I recently had a discussion with a professional in the field of outbound lead generation– I’ll call him John. John was explaining how he is always doing A/B testing on small sample sizes to improve the results. John is a legitimate expert in the field, but I suspected that his ability to generate meetings had nothing to do with his A/B testing (see previous A/B testing fallacy blog post.)
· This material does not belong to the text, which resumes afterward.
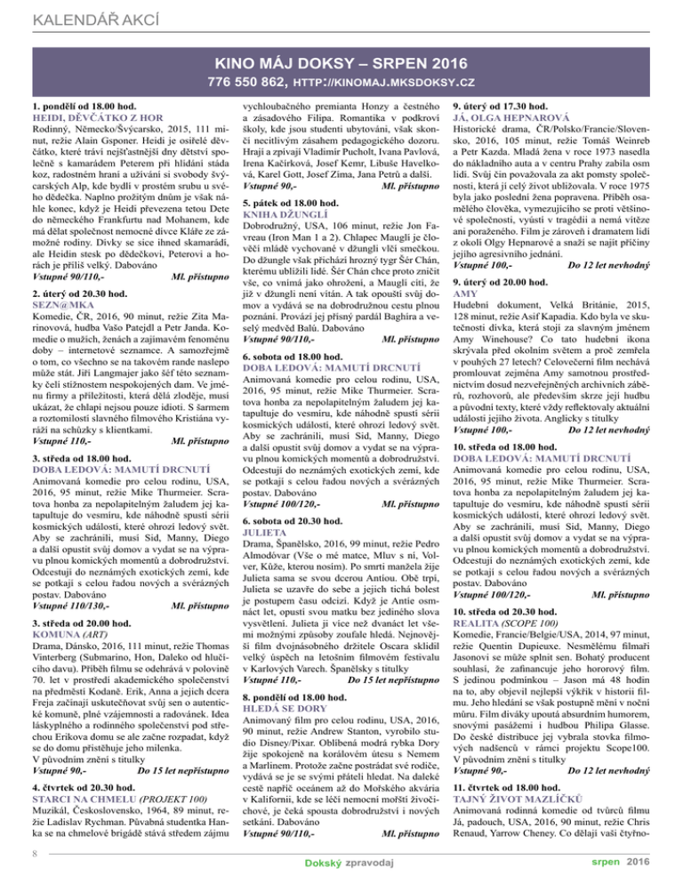 KALENDÁŘ AKCÍ KINO MÁJ DOKSY – srpen 2016 776 550 862, http://kinomaj.mksdoksy.cz 1. pondělí od 18.00 hod. Heidi, děvčátko z hor Rodinný, Německo/Švýcarsko, 2015, 111 minut, režie Alain Gsponer. Heidi je osiřelé děvčátko, které tráví nejšťastnější dny dětství společně s kamarádem Peterem při hlídání stáda koz, radostném hraní a užívání si svobody švýcarských Alp, kde bydlí v prostém srubu u svého dědečka. Naplno prožitým dnům je však náhle konec, když je Heidi převezena tetou Dete do německého Frankfurtu nad Mohanem, kde má dělat společnost nemocné dívce Kláře ze zámožné rodiny. Dívky se sice ihned skamarádí, ale Heidin stesk po dědečkovi, Peterovi a horách je příliš velký. Dabováno Vstupné 90/110,- Ml. přístupno 2. úterý od 20.30 hod. Sezn@mka Komedie, ČR, 2016, 90 minut, režie Zita Marinovová, hudba Vašo Patejdl a Petr Janda. Komedie o mužích, ženách a zajímavém fenoménu doby – internetové seznamce. A samozřejmě o tom, co všechno se na takovém rande naslepo může stát. Jiří Langmajer jako šéf této seznamky čelí stížnostem nespokojených dam. Ve jménu firmy a příležitosti, která dělá zloděje, musí ukázat, že chlapi nejsou pouze idioti. S šarmem a roztomilostí slavného filmového Kristiána vyráží na schůzky s klientkami. Vstupné 110,- Ml. přístupno 3. středa od 18.00 hod. Doba ledová: Mamutí drcnutí Animovaná komedie pro celou rodinu, USA, 2016, 95 minut, režie Mike Thurmeier. Scratova honba za nepolapitelným žaludem jej katapultuje do vesmíru, kde náhodně spustí sérii kosmických událostí, které ohrozí ledový svět. Aby se zachránili, musí Sid, Manny, Diego a další opustit svůj domov a vydat se na výpravu plnou komických momentů a dobrodružství. Odcestují do neznámých exotických zemí, kde se potkají s celou řadou nových a svérázných postav. Dabováno Vstupné 110/130,- Ml. přístupno 3. středa od 20.00 hod. Komuna (ART) Drama, Dánsko, 2016, 111 minut, režie Thomas Vinterberg (Submarino, Hon, Daleko od hlučícího davu). Příběh filmu se odehrává v polovině 70. let v prostředí akademického společenství na předměstí Kodaně. Erik, Anna a jejich dcera Freja začínají uskutečňovat svůj sen o autentické komuně, plné vzájemnosti a radovánek. Idea láskyplného a rodinného společenství pod střechou Erikova domu se ale začne rozpadat, když se do domu přistěhuje jeho milenka. V původním znění s titulky Vstupné 90,- Do 15 let nepřístupno 4. čtvrtek od 20.30 hod. Starci na chmelu (PROJEKT 100) Muzikál, Československo, 1964, 89 minut, režie Ladislav Rychman. Půvabná studentka Hanka se na chmelové brigádě stává středem zájmu 8 vychloubačného premianta Honzy a čestného a zásadového Filipa. Romantika v podkroví školy, kde jsou studenti ubytováni, však skončí necitlivým zásahem pedagogického dozoru. Hrají a zpívají Vladimír Pucholt, Ivana Pavlová, Irena Kačírková, Josef Kemr, Libuše Havelková, Karel Gott, Josef Zíma, Jana Petrů a další. Vstupné 90,- Ml. přístupno 5. pátek od 18.00 hod. Kniha džunglí Dobrodružný, USA, 106 minut, režie Jon Favreau (Iron Man 1 a 2). Chlapec Mauglí je člověčí mládě vychované v džungli vlčí smečkou. Do džungle však přichází hrozný tygr Šér Chán, kterému ublížili lidé. Šér Chán chce proto zničit vše, co vnímá jako ohrožení, a Mauglí cítí, že již v džungli není vítán. A tak opouští svůj domov a vydává se na dobrodružnou cestu plnou poznání. Provází jej přísný pardál Baghíra a veselý medvěd Balú. Dabováno Vstupné 90/110,- Ml. přístupno 6. sobota od 18.00 hod. Doba ledová: Mamutí drcnutí Animovaná komedie pro celou rodinu, USA, 2016, 95 minut, režie Mike Thurmeier. Scratova honba za nepolapitelným žaludem jej katapultuje do vesmíru, kde náhodně spustí sérii kosmických událostí, které ohrozí ledový svět. Aby se zachránili, musí Sid, Manny, Diego a další opustit svůj domov a vydat se na výpravu plnou komických momentů a dobrodružství. Odcestují do neznámých exotických zemí, kde se potkají s celou řadou nových a svérázných postav. Dabováno Vstupné 100/120,- Ml. přístupno 6. sobota od 20.30 hod. Julieta Drama, Španělsko, 2016, 99 minut, režie Pedro Almodóvar (Vše o mé matce, Mluv s ní, Volver, Kůže, kterou nosím). Po smrti manžela žije Julieta sama se svou dcerou Antíou. Obě trpí, Julieta se uzavře do sebe a jejich tichá bolest je postupem času odcizí. Když je Antíe osmnáct let, opustí svou matku bez jediného slova vysvětlení. Julieta ji více než dvanáct let všemi možnými způsoby zoufale hledá. Nejnovější film dvojnásobného držitele Oscara sklidil velký úspěch na letošním filmovém festivalu v Karlových Varech. Španělsky s titulky Vstupné 110,- Do 15 let nepřístupno 8. pondělí od 18.00 hod. Hledá se Dory Animovaný film pro celou rodinu, USA, 2016, 90 minut, režie Andrew Stanton, vyrobilo studio Disney/Pixar. Oblíbená modrá rybka Dory žije spokojeně na korálovém útesu s Nemem a Marlinem. Protože začne postrádat své rodiče, vydává se je se svými přáteli hledat. Na daleké cestě napříč oceánem až do Mořského akvária v Kalifornii, kde se léčí nemocní mořští živočichové, je čeká spousta dobrodružství i nových setkání. Dabováno Vstupné 90/110,- Ml. přístupno Dokský zpravodaj 9. úterý od 17.30 hod. Já, Olga Hepnarová Historické drama, ČR/Polsko/Francie/Slovensko, 2016, 105 minut, režie Tomáš Weinreb a Petr Kazda. Mladá žena v roce 1973 nasedla do nákladního auta a v centru Prahy zabila osm lidí. Svůj čin považovala za akt pomsty společnosti, která jí celý život ubližovala. V roce 1975 byla jako poslední žena popravena. Příběh osamělého člověka, vymezujícího se proti většinové

To illustrate the problem, let’s say we want to see the effect of flipping a coin with our left vs right hand. If I did 5 tests of each, I might see a result like 3 heads for left and 1 head for right. However, we know that the coin is actually 50/50 regardless of hand and even if there was an effect it could never be so big. The ‘data’ from this experiment is pure noise. However, if I do 5000 flips, I will clearly see there is no difference. Now, lets put a piece of tape on one side of the coin to see if that increases the likelihood that the tape side is up or the tape side is down. After 5 tests, unless the effect was very ,very strong, we would never see a real effect and would instead see more statistical noise. The smaller the true underling statistical effect, the more samples you need to detect it. Note, however, that you will alway see an effect. The question is: is that a mirage or real?
In the case of John, I suspected he was thinking mirages were real data. So, I sat down with another fellow lead generation mathematics nerd and ran the numbers again. This time we look at Z-scores and frequentist statistics…
How many leads do I need for A/B testing my sales message?
The basic question is how many samples in my B group would I need to risk in order to detect an improvement of 30%?
If we assume we have:
- a very high performing campaign (2% meeting rate)
- that we want to be 80% sure we would detect the effect if it were real
- that there is only a 10% chance that we measure an effect when it was not real.
The math looks like this:
Doing the math, the answer is 806 samples in the B group compared against the same number in the A group. That means:
800 prospects at 2% conversion is: 16 meetings were put at risk in order to improve meeting yield. If the improvement were anything less than 30% (eg. conversion of 2.6% or better) we would not see the effect.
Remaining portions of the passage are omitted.